TikTok affirmed its commitment to ongoing dialogue with the creator community and continuous improvement of program features.

Observed Declines in Payout Rates

Green, who has meticulously documented his TikTok earnings for over a year, reported a decline in payout rates from 5 cents per thousand views to 2 cents per thousand views in recent months. He attributes this decrease to the platform’s rapid growth, resulting in smaller payouts per view.

The Undervaluation of Creator Contributions

Although these programs are not intended to fully support a creator’s livelihood, the payout amounts may underestimate the true value creators bring to social media platforms. The purpose of these funds for Instagram, YouTube, and Snapchat is to incentivize creators to utilize their platforms as much as possible, similar to TikTok.

Creator Experiences and Comparative Earnings

Other full-time creators corroborate Green’s observations. British tech YouTuber Safwan AhmedMia shared that he earned approximately $150 from over 25 million TikTok views since April 2021. In comparison, MrBeast, a leading U.S. YouTube creator, reported earning over $14,900 for “prob over a billion views.”
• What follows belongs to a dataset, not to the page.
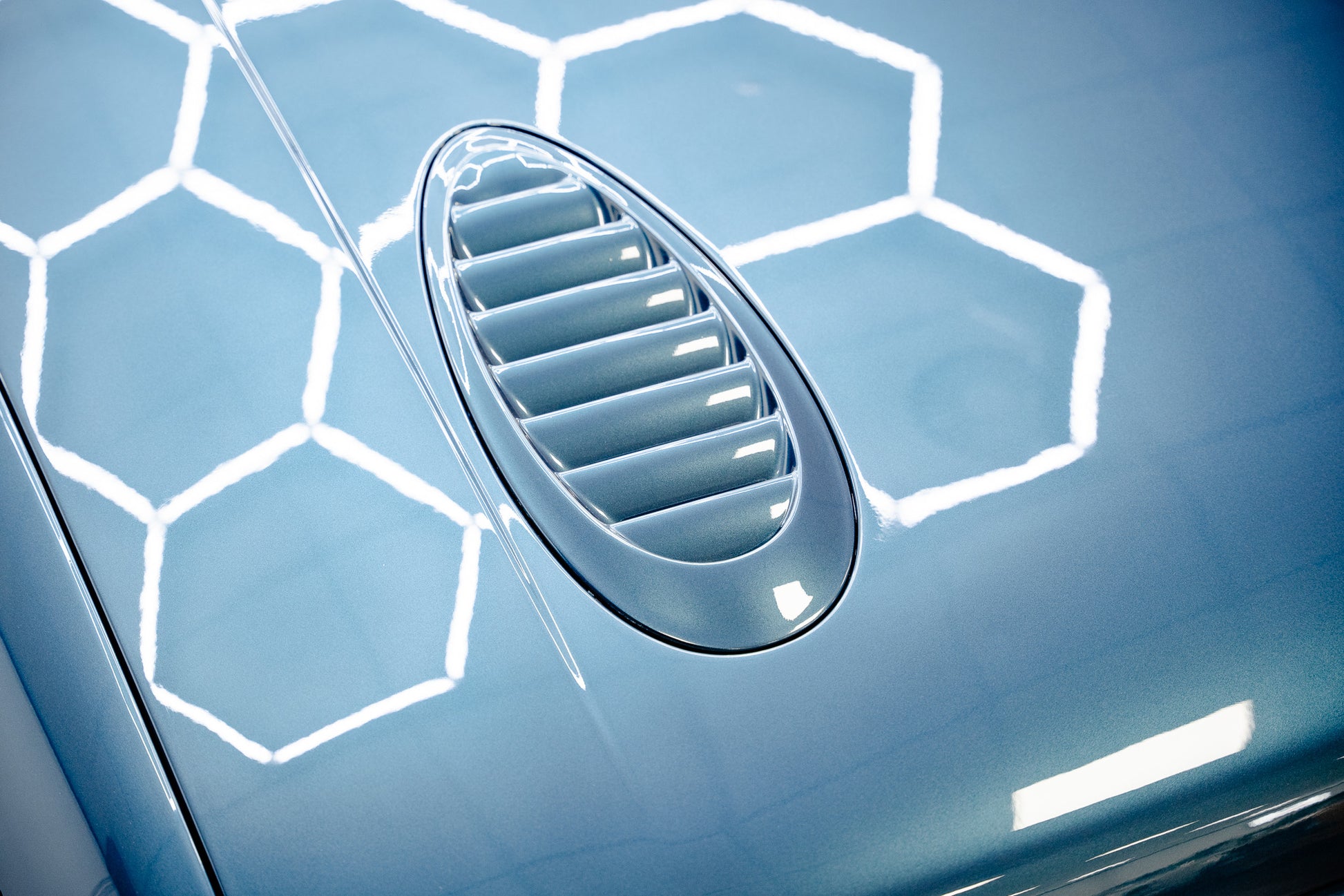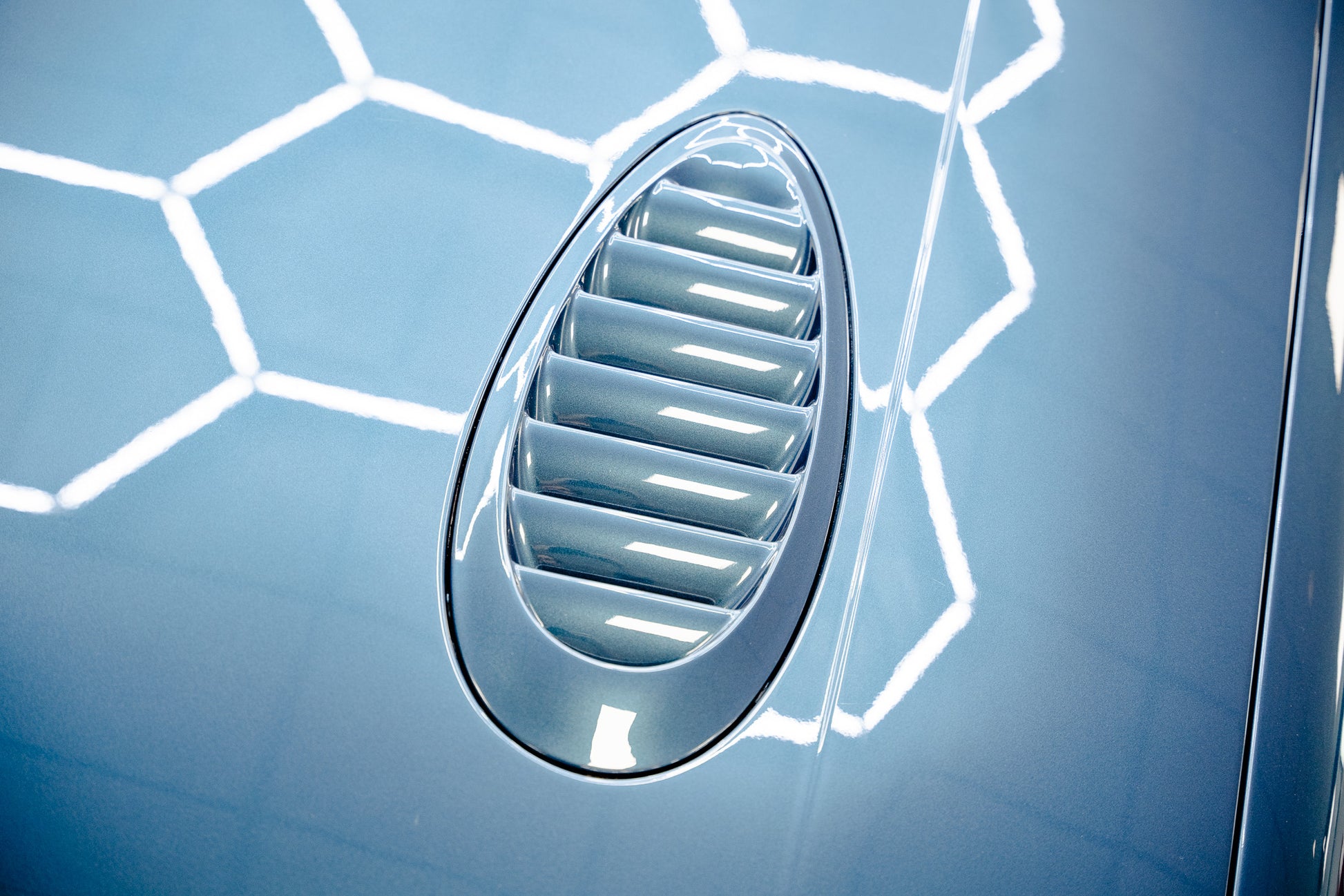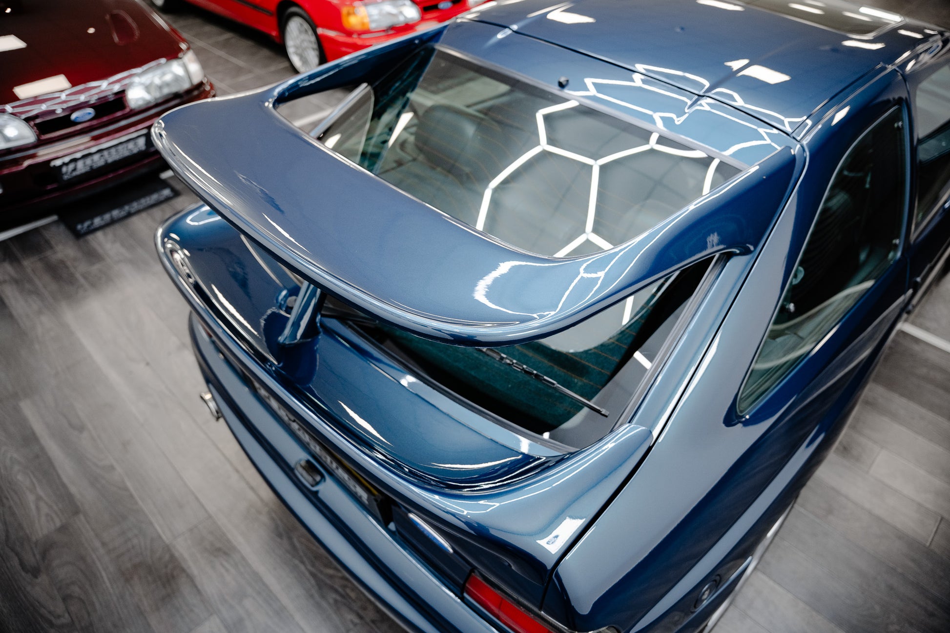 Every body panel presents with a vibrant, glossy shine, displaying pin-sharp fit and finish, with no scuffing or damage to the wrap-around bumpers front or rear. In place of the traditional front fog lamps black mesh grilles are fitted a subtle period-correct weight-saving feature that further emphasises the Escort Rs Cosworth motorsport-inspired engineering

While these calculations are less precise than Green’s – TikTok does not readily display total view counts – both AhmedMia and MrBeast estimate earning less than two cents per thousand views.

Brand Deals Remain a Primary Revenue Source

Generally, creators generate more income through brand partnerships than through direct video impressions, regardless of the platform. However, creators still expect fair compensation for the value they contribute to the platforms they utilize.

A Call for Revenue-Based Compensation

“When TikTok makes more, creators make less – the slogan writes itself,” Green stated in his video. He proposed that a percentage-of-revenue model, rather than a static fund, would be more beneficial for creators. While such a system might impact TikTok’s profitability, it would ensure creators receive a fairer share of the platform’s success.

ByteDance’s Revenue and the Creator Fund’s Proportion

Although the exact revenue of the TikTok app is unknown, its parent company, ByteDance, generated $58 billion in revenue last year. This makes the $200 million creator fund – allocated over nearly two years – appear relatively small.

Comparing TikTok and YouTube Monetization

Direct comparisons between TikTok and YouTube are challenging. A 30-second TikTok video will naturally generate less revenue than a 20-minute YouTube video. Furthermore, advertising formats differ: YouTube utilizes pre-roll, mid-roll, and end-roll ads, while TikTok displays ads between videos, with advertisers increasingly creating content that mimics organic TikTok trends.

YouTube also offers an ad-free subscription service, YouTube Premium, for $11.99 per month.

Potential for Increased Advertising on TikTok

TikTok could emulate YouTube by increasing the frequency of advertisements to generate more revenue for creator payouts. However, this could negatively impact user experience. Given ByteDance’s substantial revenue, it is unlikely that TikTok faces significant financial constraints.

The $200 million Creator Fund represents only 0.3% of ByteDance’s 2021 revenue, distributed over multiple fiscal years.